About 30% of the agricultural and forest land in the Warmińsko-Mazurskie Voivodeship is under severe threat of agricultural drought. As such, all measures that increase water retention improve the chances of mitigating its impact. In the case of agricultural areas, these primarily consist in increasing the amount of water retained in the soil, delaying water runoff and reducing water consumption in crop cultivation. Irrigation and drainage systems which make it possible to control soil moisture content during agricultural drought are just one example of an effective solution in this regard. Hydrological drought is taking its toll on the region as well. In the case of surface waters (lakes and rivers), almost 20% of the voivodeship’s total area is under serious threat, caused by dropping water levels during droughts. Counteracting the effects of hydrological drought includes constructing and reconstructing weirs to slow down water outflow and to increase retention. “The investment projects to be implemented in the Warmińsko-Mazurskie Voivodeship in the coming years include constructing small reservoirs on the Srebrny Potok River near Elbląg and the Łyna River in Dobre Miasto, as well as reconstructing weirs, as mentioned above. These projects will be implemented by the relevant Regional Water Management Boards, including the one in Białystok”, added Mr Markowski.

Consultation meetings on the DECP project had already been held in Poznań, Zielona Góra, Wrocław, Gliwice, Lublin, Rzeszów, Kraków, Szczecin, Koszalin, Gdańsk and Bydgoszcz. Prior to the end of this year, debates are planned for Białystok (06/11) and Łódź (13/11) as well. The public consultations are to end with the final meeting in Warsaw in February 2020 (visit for more information). The DECP is the first such comprehensive project on counteracting the effects of drought in Poland. Information about the DECP project is available at and There anyone can submit applications and comments to the DECP programme through a special form.

The DECP document, which will be the most important product of the Stop Drought! project, as well as the water and flood risk management plans, will greatly contribute to improving the water management processes in Poland. Following the public consultations, the DECP project will undergo a strategic environmental impact assessment. Following this, in 2020, the final step is to formally adopt the project via a regulation prepared by the minister responsible for water management. At that point, Poland will join the group of 10 European countries that have developed drought countermeasure plans. Similar projects have already been implemented by such countries as the United Kingdom, France, Spain, Portugal, Slovakia and Ukraine.

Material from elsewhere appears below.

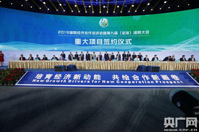 央廣網益陽10月29日消息(記者鄧文輝)今天(29日)上午,2019湖南經濟合作洽談會暨第九屆(全球)湘商大會在湖南益陽開幕。包括35家世界500強、中國500強、中國民營500強在內的共計1000余家知名企業(yè),255家全球湖南商會,銀行、證券、保險等金融機構,高校、科研機構,湖南省內民營企業(yè)家代表以及兄弟省區(qū)市代表團匯聚一堂,同敘鄉(xiāng)情、共享機遇,共簽署各類投資合同、協(xié)議項目237個,項目總投資為1660.72億元,引進資金1633.18億元。

The President of SWH Polish Waters is obliged to prepare a drought effects countermeasure plan under the provisions of art. 240 par. 2. pt. 8 of the Act of 20 July 2017 – Water Law (Dz.U. of 2018, item 2268). So far, as part of the Stop Drought! project, a DECP preparation methodology has been created and a survey conducted of 3,500 entities related to water management. In addition, the draft plan of the project has been presented at national expert conferences and as part of the ‘Remember about water!’ social campaign. All works are financed via European funds (OPI&E 2014–2020).